The totals in Figure 4 did not originally sum to one hundred percent in some cases. The reason for this is that some projects in our databases used multiple paradigms. During the early stages, they developed the software incrementally. Then, as the system matured and was fielded, they switched to a waterfall approach because the risk was acceptable. In other cases, parts of the system like servers were developed incrementally, while other parts like clients and web applications used agile methods for their development paradigm. For ease of use, we have normalized all both the defense and commercial entries to total one hundred percent each.
Many people have asked me what the differences in productivity were when using agile and other paradigms. My answer has been that it depends. The reason for this is most agile projects that were captured in our database in the 2000 to 2008 timeframe were small and it was hard to compare them with others that were much larger in scale. However, we started to get larger project after 2008 and have included Figure 5 to illustrate the comparisons for both the defense (18 projects, 6 each methodology) and commercial (48 projects, 16 each methodology) sectors across all applications domains for projects that were less than 250 EKSLOC. It seems that moving smartly to agile seems cost-effective based on the benefits derived through increased software productivity.
Figure 5 Notes
- Software productivity reported for paradigms using definitions and scope in Part 1 of this article using SLOC/PM.
- Agile projects are for the most part being done using Scrum methodology as it seems to scale for use on larger projects [2].
Another of the factors that influenced software productivity was degree of in-sourcing and out-sourcing. Due to the economic downturn during the past decade, commercial firms have increased out-sourcing software work overseas. In other cases, they use H-1B visas to bring qualified personnel into the United States to do specific software jobs at wages less than the prevailing salaries in the marketplace. Costs are definitely cut by such practices, sometimes by as much as two to ten. However, cultural issues, communications and increased management burden can cause resulting productivity to be less than expected for teams residing in the United States. However, most firms using out-sourcing have addressed these issues and the practice is viewed as cost-effective based on the prevalence of the approach as illustrated in Figure 6.
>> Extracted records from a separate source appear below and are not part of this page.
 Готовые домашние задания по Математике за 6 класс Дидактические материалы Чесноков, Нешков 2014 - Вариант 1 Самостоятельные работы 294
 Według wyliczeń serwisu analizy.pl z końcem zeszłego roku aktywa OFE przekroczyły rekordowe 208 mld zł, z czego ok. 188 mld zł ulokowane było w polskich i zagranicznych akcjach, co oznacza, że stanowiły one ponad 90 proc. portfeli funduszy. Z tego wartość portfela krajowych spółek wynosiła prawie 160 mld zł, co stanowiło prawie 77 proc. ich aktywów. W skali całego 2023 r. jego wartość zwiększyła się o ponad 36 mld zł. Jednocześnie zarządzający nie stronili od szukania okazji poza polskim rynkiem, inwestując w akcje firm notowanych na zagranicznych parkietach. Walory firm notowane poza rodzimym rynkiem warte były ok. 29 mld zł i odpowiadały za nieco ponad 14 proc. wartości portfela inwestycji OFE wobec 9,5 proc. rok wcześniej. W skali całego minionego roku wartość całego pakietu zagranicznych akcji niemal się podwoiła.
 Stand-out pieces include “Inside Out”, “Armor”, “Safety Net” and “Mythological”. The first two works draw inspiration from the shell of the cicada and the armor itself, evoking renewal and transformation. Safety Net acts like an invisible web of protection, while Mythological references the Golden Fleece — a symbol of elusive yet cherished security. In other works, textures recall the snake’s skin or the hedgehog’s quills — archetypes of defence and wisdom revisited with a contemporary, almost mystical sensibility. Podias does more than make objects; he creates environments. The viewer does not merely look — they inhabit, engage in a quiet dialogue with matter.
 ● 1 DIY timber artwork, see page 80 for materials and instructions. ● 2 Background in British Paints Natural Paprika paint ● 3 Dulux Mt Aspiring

It should be noted that many defense organizations have resisted out-sourcing primarily because of security issues. They use United States citizens exclusively to do the work because of its sensitivity. In other cases, both commercial and defense firms have resorted to in-sourcing work to address their staffing needs and reduce costs (i.e., hired contractors to work in-house as members of their teams). Off-loading work to residents (both citizens and sometimes green card holders) reduces management and communications burdens and permits productivity to rise naturally. Even though in-sourcing only lowers the labor costs by a factor of 20 to 50 percent, it tends to improve teamwork and productivity thereby making the practice cost-effective for many of firms involved in our data collection.
5 Factor Analysis
As we mentioned earlier in this paper, productivity improvement is sensitive to a number of factors. The factors around which most of the variation in productivity revolves by sector and their impacts are summarized in Table 1. It is interesting to note that several of these factors have changed during the decade. The most prominent of these has been growth in size and complexity of the products and the relaxation of process improvement mandates. The simplest explanation for the relapse of the process mandate is that the firms that embraced the movement have for the most part achieved their goal of achieving high levels of maturity using either the CMMI or ISO model as their basis for evaluation. The other prevalent explanation is that firms have moved to agile because they felt that process improvement methodologies were too rigid and some balance between discipline and agility was needed [21].
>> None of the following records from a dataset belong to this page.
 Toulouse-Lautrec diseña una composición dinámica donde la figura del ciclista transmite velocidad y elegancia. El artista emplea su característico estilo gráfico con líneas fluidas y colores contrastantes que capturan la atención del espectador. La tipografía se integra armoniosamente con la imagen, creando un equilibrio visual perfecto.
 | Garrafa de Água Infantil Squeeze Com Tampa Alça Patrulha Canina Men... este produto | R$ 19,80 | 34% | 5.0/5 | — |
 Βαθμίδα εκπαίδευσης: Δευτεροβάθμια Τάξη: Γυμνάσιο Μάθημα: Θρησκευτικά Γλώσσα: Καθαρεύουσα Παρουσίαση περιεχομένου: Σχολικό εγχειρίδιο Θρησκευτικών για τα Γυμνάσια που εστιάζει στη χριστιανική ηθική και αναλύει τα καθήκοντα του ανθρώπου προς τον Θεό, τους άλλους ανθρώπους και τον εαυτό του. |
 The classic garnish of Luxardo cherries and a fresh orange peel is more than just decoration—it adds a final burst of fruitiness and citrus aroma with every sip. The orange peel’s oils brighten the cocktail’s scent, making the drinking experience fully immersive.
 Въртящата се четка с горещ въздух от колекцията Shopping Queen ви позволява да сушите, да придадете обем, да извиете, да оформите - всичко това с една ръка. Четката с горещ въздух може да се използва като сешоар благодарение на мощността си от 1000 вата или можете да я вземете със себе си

As shown in Table 5, the continued advance of technology has had a profound impact on how we get the work associated with software projects done during the past decade. For example, the use of the Internet has facilitated the ability of geographically-dispersed teams to work together in virtual space to build products. Along with the good, the use of such technology also created problems. For example, working in virtual space has amplified the need for new forms of collaboration and tighter network security. In contrast, the advent of the use of social networking altered how our teams communicate with each other, clients and collaborators, both actual and potential. Finally, security in general has become a bigger issue as we store information in the clouds and share it across virtual space.
6 Data Validation
Many people have questioned the validity of my databases over the years mainly because they could not independently review the data entries. As anyone who has dealt with data knows, firms treat their productivity, cost and quality actuals as proprietary. Any leakage could create damage especially if they fell into the hands of competitors who used them to win competitive bids. As a consequence, those who receive data must protect it. To release it requires supplier approval. In our case, this is an almost impossible task because it means that we would need to solicit the approval of as many 93 organizations before we could make it made public.
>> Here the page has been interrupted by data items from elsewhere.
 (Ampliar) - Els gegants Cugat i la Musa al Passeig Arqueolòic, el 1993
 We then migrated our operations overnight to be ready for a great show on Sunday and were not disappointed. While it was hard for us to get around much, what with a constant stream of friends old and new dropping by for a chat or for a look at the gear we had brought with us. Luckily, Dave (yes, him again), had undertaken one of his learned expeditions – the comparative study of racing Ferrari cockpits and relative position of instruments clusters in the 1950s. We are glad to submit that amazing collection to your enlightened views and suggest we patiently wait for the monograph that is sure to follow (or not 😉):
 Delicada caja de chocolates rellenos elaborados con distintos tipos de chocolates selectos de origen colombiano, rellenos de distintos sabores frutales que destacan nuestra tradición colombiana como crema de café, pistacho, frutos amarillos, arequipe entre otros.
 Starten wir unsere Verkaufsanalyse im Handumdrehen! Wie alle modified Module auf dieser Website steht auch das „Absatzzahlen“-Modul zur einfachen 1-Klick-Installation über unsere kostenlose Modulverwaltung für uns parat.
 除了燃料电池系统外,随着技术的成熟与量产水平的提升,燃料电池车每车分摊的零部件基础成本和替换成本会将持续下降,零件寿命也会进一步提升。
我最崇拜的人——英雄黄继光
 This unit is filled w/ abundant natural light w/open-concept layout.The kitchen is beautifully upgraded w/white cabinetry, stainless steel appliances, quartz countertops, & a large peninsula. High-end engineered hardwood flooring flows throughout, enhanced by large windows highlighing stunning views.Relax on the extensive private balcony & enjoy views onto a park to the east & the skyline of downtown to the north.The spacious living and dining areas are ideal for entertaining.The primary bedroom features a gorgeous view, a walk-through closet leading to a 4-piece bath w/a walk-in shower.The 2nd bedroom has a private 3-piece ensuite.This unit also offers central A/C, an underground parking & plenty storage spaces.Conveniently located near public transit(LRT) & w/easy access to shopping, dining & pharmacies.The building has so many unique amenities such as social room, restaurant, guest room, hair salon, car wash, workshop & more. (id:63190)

Of course, we validate the data as we receive it to ensure that it conforms to the conventions that we have set for its definition. If there are holes or inconsistencies in the data, we interact with the supplier to resolve the issues we have found prior to entering it into our databases. Once a new dataset is formed, we look for outliers and test it statistically. We also perform hypothesis testing and look to determine the statistical errors.
With the data tightly held, how would you go about validating our conclusions? The easiest answer to these questions is by comparison against your and others’ results. While some productivity data has been made available by others like Capers Jones [22], the only productivity databases that I know that are maintained and kept up-to-date are those sold by the DACS (Data & Analysis Center for Software) [23] and International Software Benchmarking Standards Group (ISBSG) [24]. The DACS database has recently been upgraded by the University of Southern California to contain more current results. Figure 7 illustrates how the results reported in this paper compare to similar findings taken from these two sources. Again, the individual data are not available because of the need to maintain privacy. As the Figure illustrates, our findings seem reasonable when you make the effort to compare like data with like data.
Figure 7 Notes
- Because each of the benchmarks has different scopes, we had to normalize the life cycle phases and labor categories included.
- We made some assumptions about what to include because application domains were defined differently in each of the databases.
- We also converted function point size to source lines of code (SLOC) to ensure all size entries used the same basis.
7 Summary and Conclusions
In summary, the past decade has seen considerable improvements in the technology that most software organizations use to architect, develop, test, manage and maintain their products, both in the defense and commercial sectors. These improvements have in turn sparked software productivity increases that I believe are considerable. While some would be disappointed and say that the magnitude of these increases is not high enough for them, such gains are sufficient for anyone to use to justify major investments in new software techniques, tools and technology. For example, a mere 2 percent gain each year in productivity improvements in a firm that employs 1,000 software engineers justifies millions of dollars in expenditures. I am personally excited about the results and am hopeful that they will continue and accelerate.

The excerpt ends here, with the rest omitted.